## Task prompt
Each entry below must be repeated exactly. Leave the pictures out of it.

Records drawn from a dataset

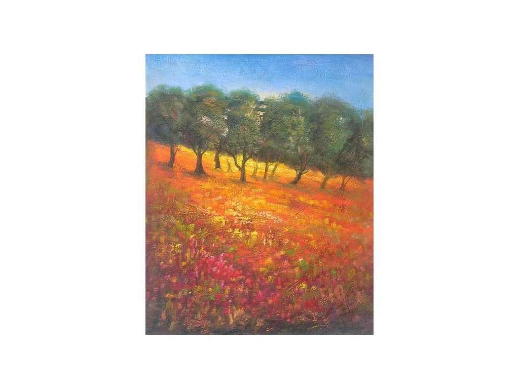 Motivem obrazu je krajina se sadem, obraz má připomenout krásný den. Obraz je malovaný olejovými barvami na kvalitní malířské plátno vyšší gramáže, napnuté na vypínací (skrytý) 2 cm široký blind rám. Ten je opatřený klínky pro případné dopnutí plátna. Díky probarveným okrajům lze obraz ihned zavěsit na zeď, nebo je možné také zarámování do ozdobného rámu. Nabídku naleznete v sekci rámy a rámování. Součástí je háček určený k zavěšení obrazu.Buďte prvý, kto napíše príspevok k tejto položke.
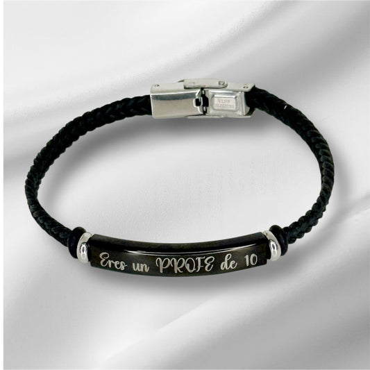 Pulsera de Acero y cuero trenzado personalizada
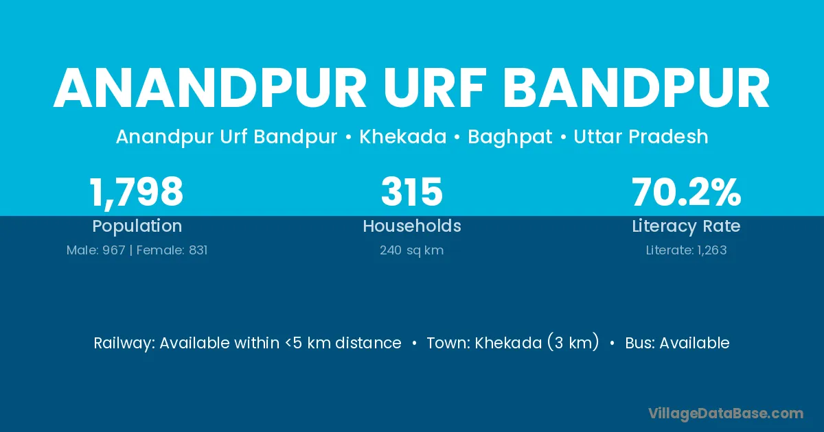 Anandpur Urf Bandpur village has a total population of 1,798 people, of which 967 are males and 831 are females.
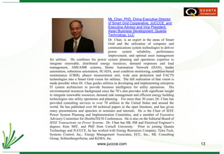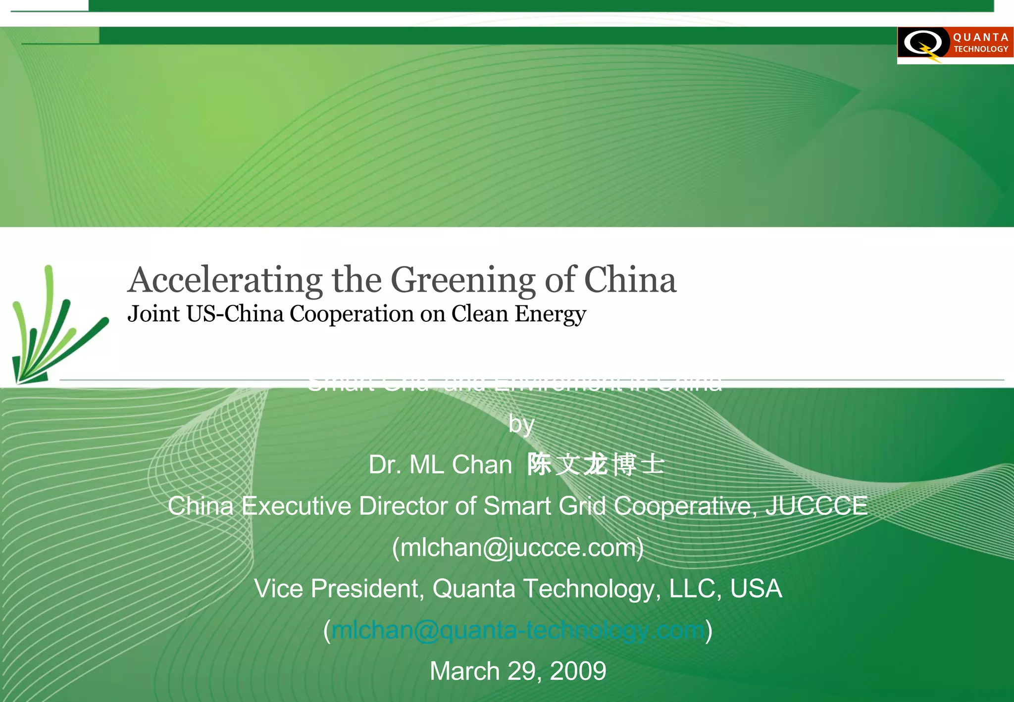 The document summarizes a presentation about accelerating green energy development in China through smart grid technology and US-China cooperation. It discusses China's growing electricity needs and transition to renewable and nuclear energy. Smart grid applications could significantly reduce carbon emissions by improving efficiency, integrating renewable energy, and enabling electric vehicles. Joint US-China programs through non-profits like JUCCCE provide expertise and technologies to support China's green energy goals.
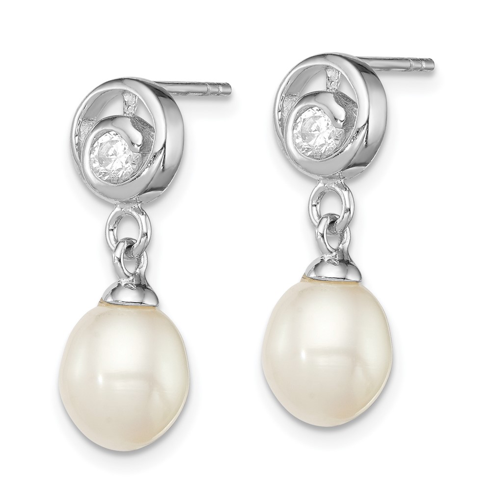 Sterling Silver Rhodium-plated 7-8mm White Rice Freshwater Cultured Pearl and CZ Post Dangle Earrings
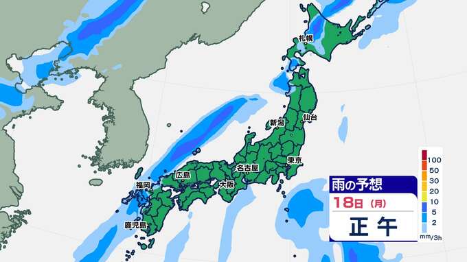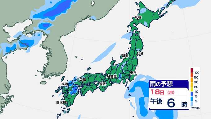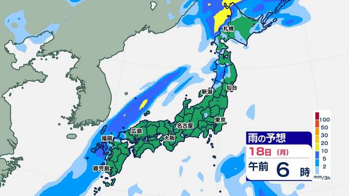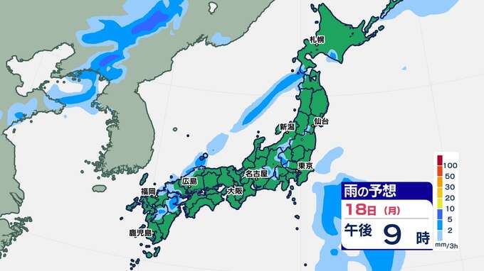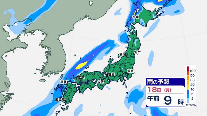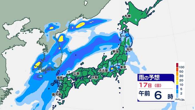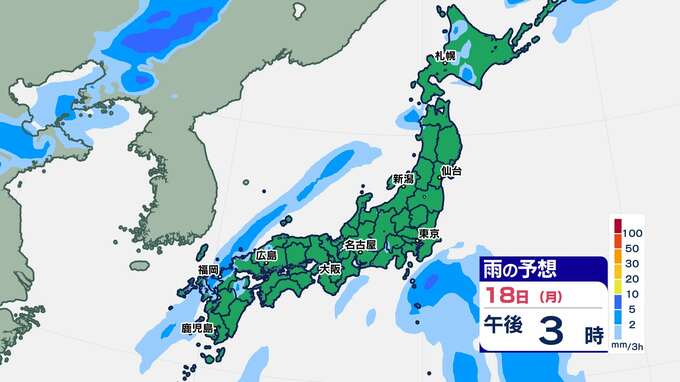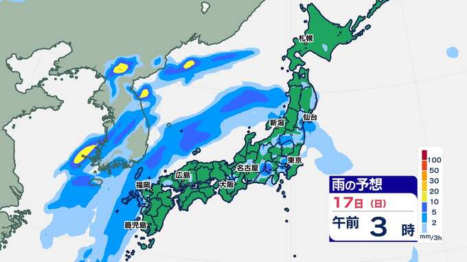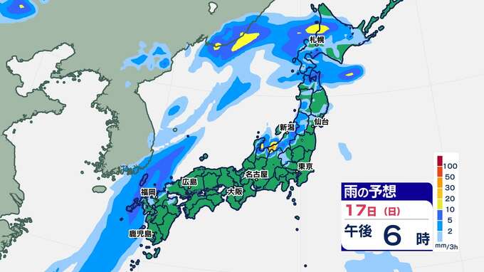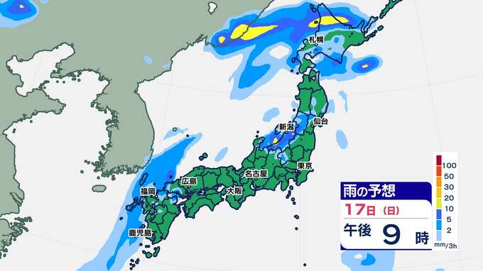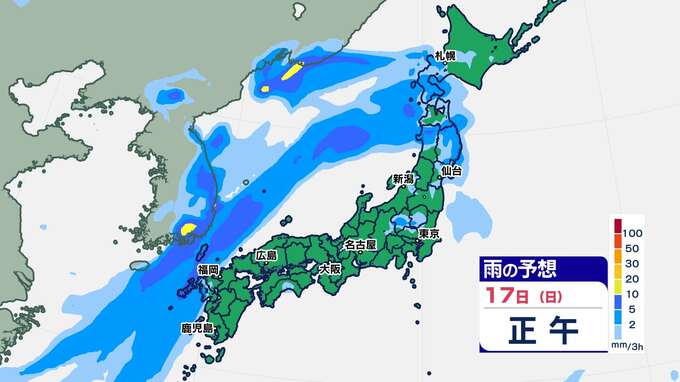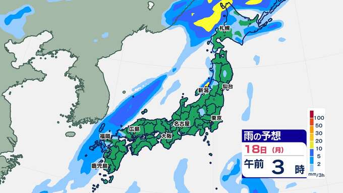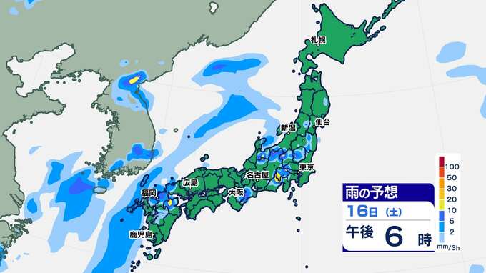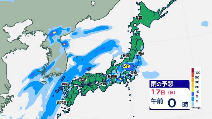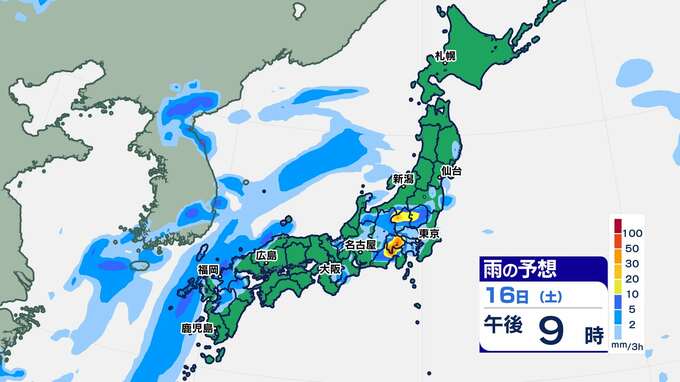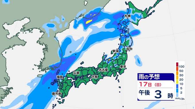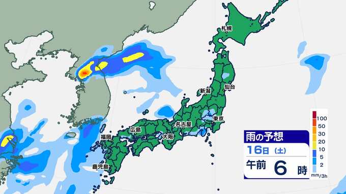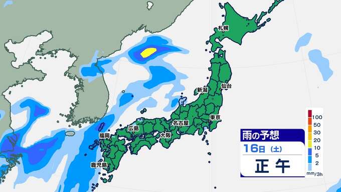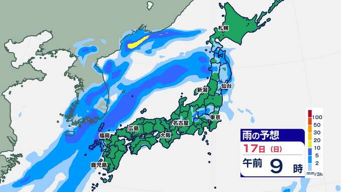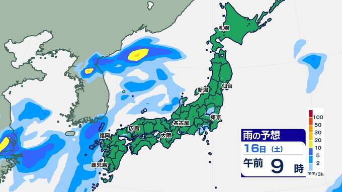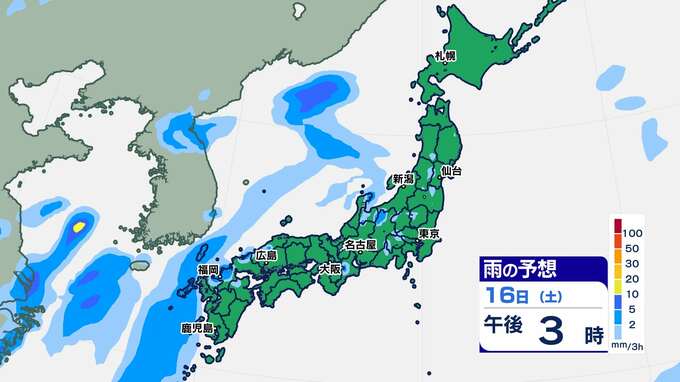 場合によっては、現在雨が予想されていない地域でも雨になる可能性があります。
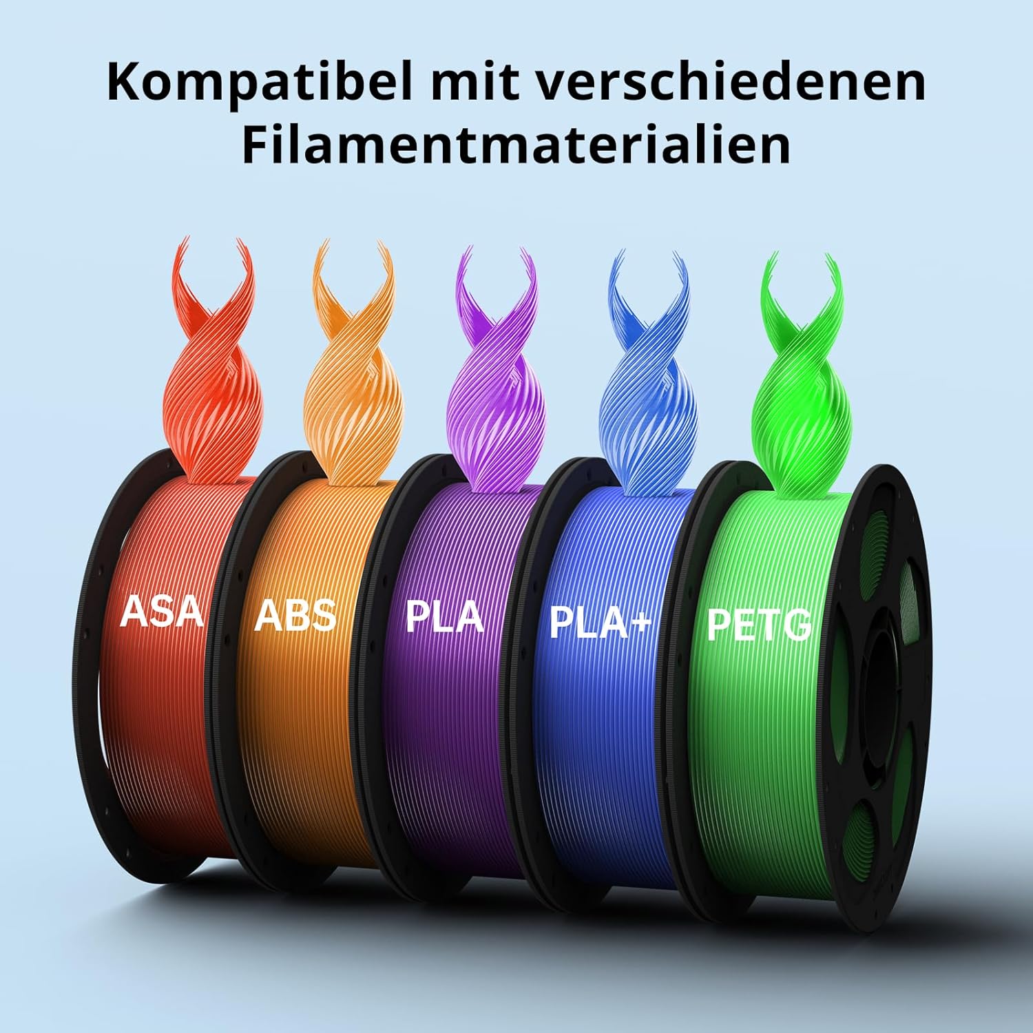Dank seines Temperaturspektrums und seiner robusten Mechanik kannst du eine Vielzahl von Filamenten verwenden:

## Problem solution
 Motivem obrazu je krajina se sadem, obraz má připomenout krásný den. Obraz je malovaný olejovými barvami na kvalitní malířské plátno vyšší gramáže, napnuté na vypínací (skrytý) 2 cm široký blind rám. Ten je opatřený klínky pro případné dopnutí plátna. Díky probarveným okrajům lze obraz ihned zavěsit na zeď, nebo je možné také zarámování do ozdobného rámu. Nabídku naleznete v sekci rámy a rámování. Součástí je háček určený k zavěšení obrazu.Buďte prvý, kto napíše príspevok k tejto položke.
 Pulsera de Acero y cuero trenzado personalizada
 Anandpur Urf Bandpur village has a total population of 1,798 people, of which 967 are males and 831 are females.
 The document summarizes a presentation about accelerating green energy development in China through smart grid technology and US-China cooperation. It discusses China's growing electricity needs and transition to renewable and nuclear energy. Smart grid applications could significantly reduce carbon emissions by improving efficiency, integrating renewable energy, and enabling electric vehicles. Joint US-China programs through non-profits like JUCCCE provide expertise and technologies to support China's green energy goals.
 Sterling Silver Rhodium-plated 7-8mm White Rice Freshwater Cultured Pearl and CZ Post Dangle Earrings
 場合によっては、現在雨が予想されていない地域でも雨になる可能性があります。
Dank seines Temperaturspektrums und seiner robusten Mechanik kannst du eine Vielzahl von Filamenten verwenden:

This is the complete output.